Deep Retrieval: Learning A Retrievable Structure for Large-Scale Recommendations
This addresses the core efficiency and accuracy challenge in industrial recommendation systems at scale, representing a non-incremental advancement by deploying a novel non-ANN method for hundreds of millions of items.
The paper tackles the problem of efficiently retrieving top candidates in large-scale recommendations by introducing Deep Retrieval (DR), which learns a retrievable structure directly from user-item interactions without Euclidean space assumptions, achieving sub-linear computational complexity and matching brute-force accuracy on public datasets while significantly outperforming ANN baselines in a live production system.

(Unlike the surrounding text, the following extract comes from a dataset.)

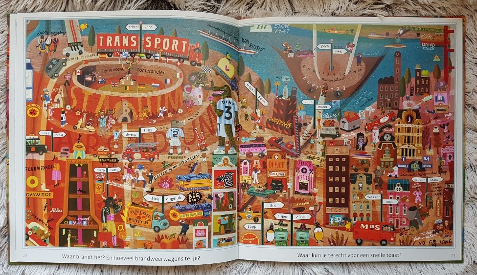 Eigenlijk is dit meer een zoekboek. Elke twee pagina’s is een groot deel van een stad. Daaronder staan vragen als Wie bestuurt de metro? Waar gaan de beren overwinteren? Waar brandt het? En hoeveel brandweerwagens tel je?

One of the core problems in large-scale recommendations is to retrieve top relevant candidates accurately and efficiently, preferably in sub-linear time. Previous approaches are mostly based on a two-step procedure: first learn an inner-product model, and then use some approximate nearest neighbor (ANN) search algorithm to find top candidates. In this paper, we present Deep Retrieval (DR), to learn a retrievable structure directly with user-item interaction data (e.g. clicks) without resorting to the Euclidean space assumption in ANN algorithms. DR's structure encodes all candidate items into a discrete latent space. Those latent codes for the candidates are model parameters and learnt together with other neural network parameters to maximize the same objective function. With the model learnt, a beam search over the structure is performed to retrieve the top candidates for reranking. Empirically, we first demonstrate that DR, with sub-linear computational complexity, can achieve almost the same accuracy as the brute-force baseline on two public datasets. Moreover, we show that, in a live production recommendation system, a deployed DR approach significantly outperforms a well-tuned ANN baseline in terms of engagement metrics. To the best of our knowledge, DR is among the first non-ANN algorithms successfully deployed at the scale of hundreds of millions of items for industrial recommendation systems.